# Experienced mommy looking for new babies in Tacoma WA area!



## VetTechRatMomma (May 24, 2015)

Hey guys! 

So, If you've seen my other post about having a pet ratty with a crazy work schedule, you'll know that I had to leave my baby boy Ashe back in Ohio when I moved back home. I'm finally settled and in a good place to finally fill my little ratty void-ed heart. I would go to a pet store and buy a couple from there since they're so cheap, but I would much rather take some babies off of someone else's hands. 

I'm looking for two rats ideally. I would rather same-sexed pairs since I know that neutered/spayed ratties are much more expensive and getting them neutered/spayed can also run a little pricey. Unfortunately, I don't have much to spend on the rats themselves, as I would need to buy a cage and such still if it isn't included. My absolute most would probably be $100. So if I can only buy one baby from you, that's fine by me. I can most certainly come back later when I have a little more to spend! I would like to buy a baby, as it's easier to acclimate them to my hectic schedule and bond with them. But I'm not opposed to taking an older rat too! I live in the South Hill/Graham area of Tacoma WA and can meet someone as far as Downtown Tacoma. 

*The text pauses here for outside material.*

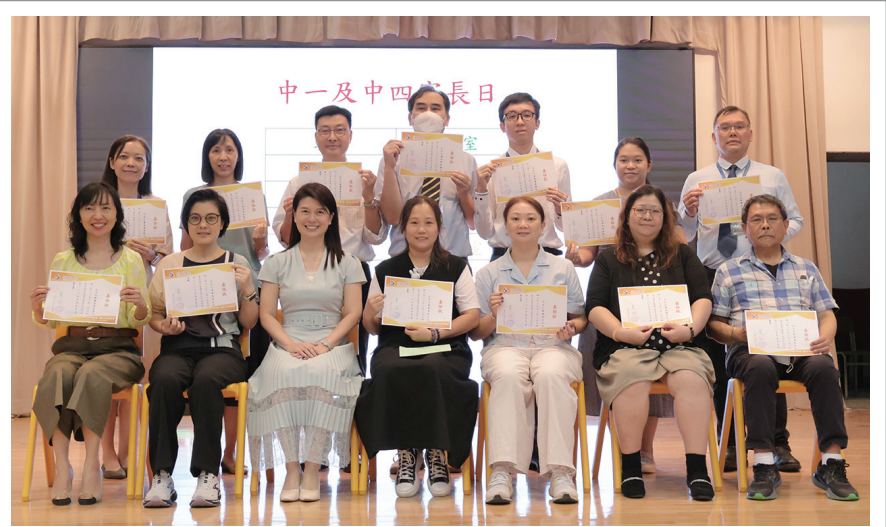
第二十二屆家長教師會委員合照

其後，家教會會員表決通過第二十一屆家長教師會會務報告、財務報告及第二十二屆家長教師會常務委員會委員名單。最後是中一及中四家長會，家長到課室與班主任會面，班主任介紹班中活動及反映學生情況，互相交流。在此，多謝各位家長支持家教會及學校工作，我們會繼續推動家校合作，讓我們的孩子有充實而愉快的校園生活。

So, just to recap, cuz I know that's a lot of text:

Two rats, ideally. But I'll take only one if I have to!
$100 limit for the babies themselves. Of course, If you're wanting to get rid of their cage, toys, food, etc also I will pay more!
Prefer babies, but will take older rats too.
Same sex pairs unless you're looking to pretty much give away your spayed/neutered furries.
In the Tacoma/ South Hill/ Graham area of Washington.
I will also be posting an ad on Craigslist if you're more comfortable contacting me through there. I will add the link right [----here---] when I get it up.

Thank you so much!


----------